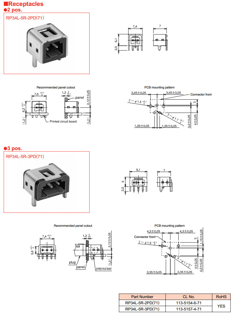 詳細(xì)信息 RP34L-5R-2PD,RP34L-5R-3PD,RP34L-5PA-2SC,RP34L-5PA-3SC,hirose連接器
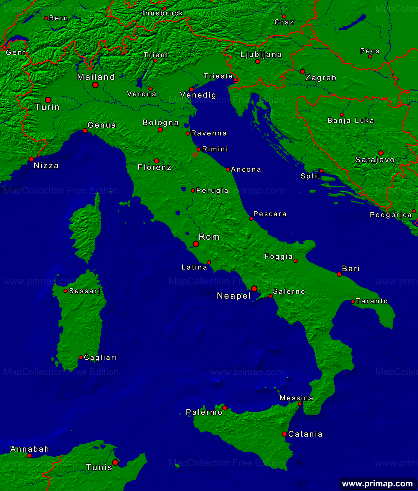 Länderkarten - Italien - Städte + Grenzen - 1363x1600 kleine Schrift
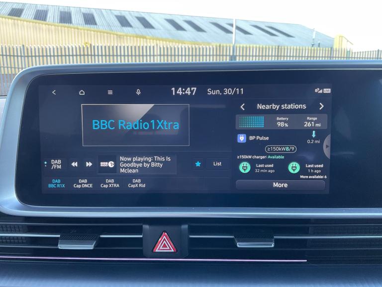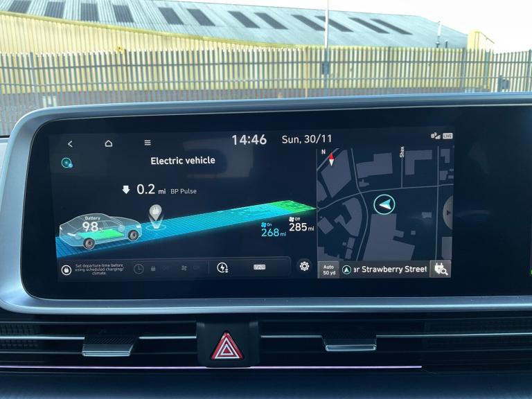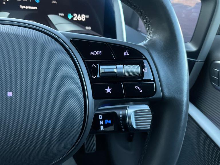 This 2023 Hyundai IONIQ 6 Ultimate boasts a substantial 77 kWh battery, providing an impressive maximum range of 338 miles when new. Charging at home with a 7kW charger will take approximately 11 hours and 45 minutes for a full charge, while rapid public charging can take you from empty to 80% in a swift 20 minutes. The IONIQ 6 Ultimate is designed for efficiency and convenience. Its electric powertrain ensures a smooth and quiet driving experience, perfect for both city commutes and longer journeys. The generous battery capacity and extensive range mean fewer stops and more time enjoying the drive. This vehicle represents a smart choice for those seeking advanced electric technology and a premium driving experience.

__TASK OBJECTIVE__:
Exact transcription of the full listing above is required; images do not belong in it.

__RESPONSE BELOW__:
 詳細(xì)信息 RP34L-5R-2PD,RP34L-5R-3PD,RP34L-5PA-2SC,RP34L-5PA-3SC,hirose連接器
 Länderkarten - Italien - Städte + Grenzen - 1363x1600 kleine Schrift
 This 2023 Hyundai IONIQ 6 Ultimate boasts a substantial 77 kWh battery, providing an impressive maximum range of 338 miles when new. Charging at home with a 7kW charger will take approximately 11 hours and 45 minutes for a full charge, while rapid public charging can take you from empty to 80% in a swift 20 minutes. The IONIQ 6 Ultimate is designed for efficiency and convenience. Its electric powertrain ensures a smooth and quiet driving experience, perfect for both city commutes and longer journeys. The generous battery capacity and extensive range mean fewer stops and more time enjoying the drive. This vehicle represents a smart choice for those seeking advanced electric technology and a premium driving experience.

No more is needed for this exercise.